Reading excel files with different sheet names in a folder

Hello, I just started learning KNIME today and I’ve run into an issue with the Excel Reader.

I have a folder with weekly data in excel files and they all have the same table structure. The only difference between all these files is the sheet name since the sheet name changes every time the data is exported from my source (which I have no control over).

Is there a way to get Excel Reader to read all the files without having to manually change the sheet name in every excel file so that they’re all the same? I know I wouldn’t have to worry about that if I had the files in another file format, but I’d like to avoid that since I have years worth of data. My goal is to have these files combined into a single file.

I’ve tried to look at other people’s questions to see if I can get some kind of answer to work with, but nothing seems to help.

Thank you,
Daniel Yi

1 Like

@daniel_yi welcome to the KNIME community.

You might want to check this example. Also on the hub there should be more that would suite your needs:

3 Likes

So I’ve tried using the Read Excel Sheet Names node and connecting it to the Table Row to Variable Loop Start node, but I’m still getting an issue in my Excel Reader node. The example you’re referring to is if the files have multiple sheets, but it seems like there is still an assumption that the sheet names are the same across multiple excel files. Here’s a picture of my workflow.

The error message I get is:
ERROR Excel Reader (XLS) 2:5 Execute failed: java.io.IOException: Workbook “2020 Week 2.xlsx” does not contain a sheet called “Sheet1”

It’s happening because the sheet names are different between the files.

Everything else in the workflow works fine (thanks to the hub which you pointed out for me).

1 Like

The workflow should be ok with that. Have you checked that the sheet names are set as a variable as well as the excel file itself. And would this error happen with an early file or in the middle (so to speak).

The you might check if your file actually does contain a sheet1

Do you know where I would set the sheet names and excel file as a variable? I don’t see an option for that in either of the excel nodes.

The error is happening early in the file (like, between the very first and and second files). The first file contains a Sheet1, but the rest of them don’t.

In the configurations for Excel Reader, I have “Files in folder” and “first sheet with data” selected.

Hi @daniel_yi

This workflow Reading excel files with different sheet names in a folder.knwf (30.1 KB) reads the filenames and the sheet name as a flow variable excel_different_sheet_names.zip (12.8 KB) . Then both are merged and used as an input for the Excel Reader. The Loop End nodes adds the information (maybe a Loop End Column Append node is a better solution for you?).


gr. Hans

5 Likes

Hey @HansS

I am still having issues with the Read Excel Sheet Names node. The output table shows that it is only reading the sheet name of the first excel file, but not the others. I noticed in your workflow that the file you have selected to read is “randomForest.xlsx”, but that’s not a file that I see in the files you’ve provided. Is that a file containing the sheet names?

1 Like

Hi @daniel_yi

The workflow in my previous post did not match the picture. I removed the RowFilter and the deprecated nodes. You can find the flow on KNIME Hub . But in the end this doesn’t alter the approach. And yes you see a link to some randomforest.xls, but that file will be override by a flow variable (the location of the file from the List Fiel node).

4 Likes

Thanks for being patient with me @HansS

I’ve checked through every configuration and made sure that they match yours, but Read Excel Sheet Names is still only reading the sheet name of the first file. I did notice that I get the following warning:

WARN Read Excel Sheet Names (XLS) 0:3 Specified file doesn’t exist (C:\Program Files\KNIME\missing)

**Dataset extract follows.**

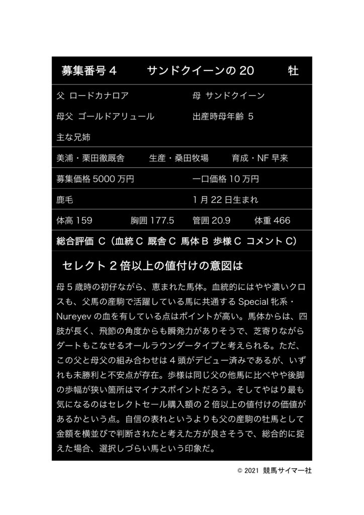 先日noteで販売しました、シルク募集馬評価レポート(関東編関西編)のうち、1次募集で満口にならなかった5頭の評価レポートを掲載します。

But I have no clue why it’s showing up. Maybe that’s why the first excel file is the only one being read?

I changed then example to two nested loops and put it on the hub. Maybe you could check it out. And it also uses the KNIME protocol to reference the files so it should work on all platforms and computers.

Thanks @HansS for the inital effort.

4 Likes

I was able to figure out that the problem I had was actually with the Excel Reader node flow variable configurations. It’s working perfectly now!

Thank you @mlauber71 and @HansS for all your help! Glad to have a great community here to help me out!

4 Likes

This topic was automatically closed 7 days after the last reply. New replies are no longer allowed.